_WORK TO BE COMPLETED_
Write out the listing verbatim. No pictures belong in it.

_DATA SEGMENT_
————————
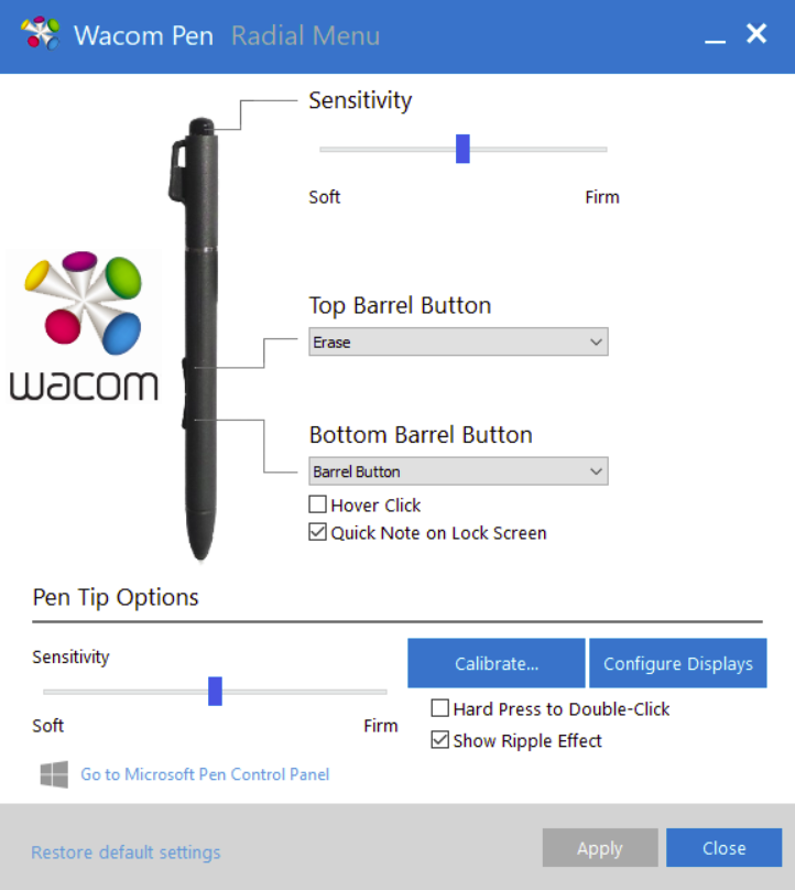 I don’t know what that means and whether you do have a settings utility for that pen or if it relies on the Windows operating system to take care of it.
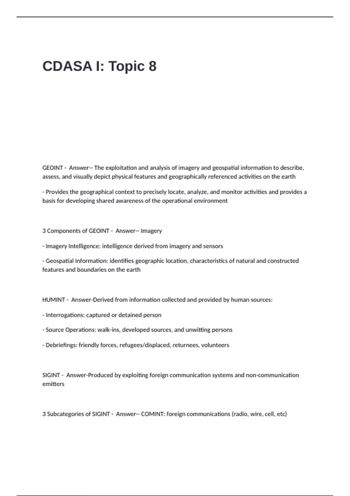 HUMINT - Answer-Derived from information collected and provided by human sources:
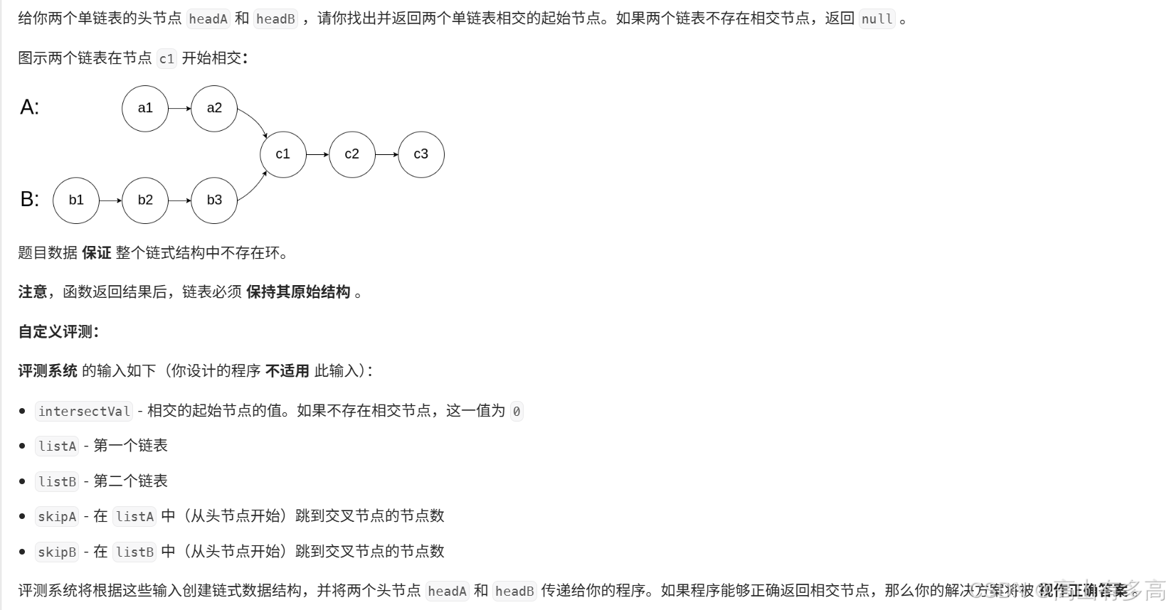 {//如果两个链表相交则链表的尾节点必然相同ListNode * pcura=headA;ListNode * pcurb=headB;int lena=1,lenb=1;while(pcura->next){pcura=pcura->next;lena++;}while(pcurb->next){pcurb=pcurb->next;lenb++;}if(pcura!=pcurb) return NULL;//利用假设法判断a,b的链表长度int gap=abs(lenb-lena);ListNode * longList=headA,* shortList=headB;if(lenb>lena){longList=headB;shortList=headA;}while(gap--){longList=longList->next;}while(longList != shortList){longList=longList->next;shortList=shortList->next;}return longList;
————————
_SOLUTION_
 I don’t know what that means and whether you do have a settings utility for that pen or if it relies on the Windows operating system to take care of it.
 HUMINT - Answer-Derived from information collected and provided by human sources:
 {//如果两个链表相交则链表的尾节点必然相同ListNode * pcura=headA;ListNode * pcurb=headB;int lena=1,lenb=1;while(pcura->next){pcura=pcura->next;lena++;}while(pcurb->next){pcurb=pcurb->next;lenb++;}if(pcura!=pcurb) return NULL;//利用假设法判断a,b的链表长度int gap=abs(lenb-lena);ListNode * longList=headA,* shortList=headB;if(lenb>lena){longList=headB;shortList=headA;}while(gap--){longList=longList->next;}while(longList != shortList){longList=longList->next;shortList=shortList->next;}return longList;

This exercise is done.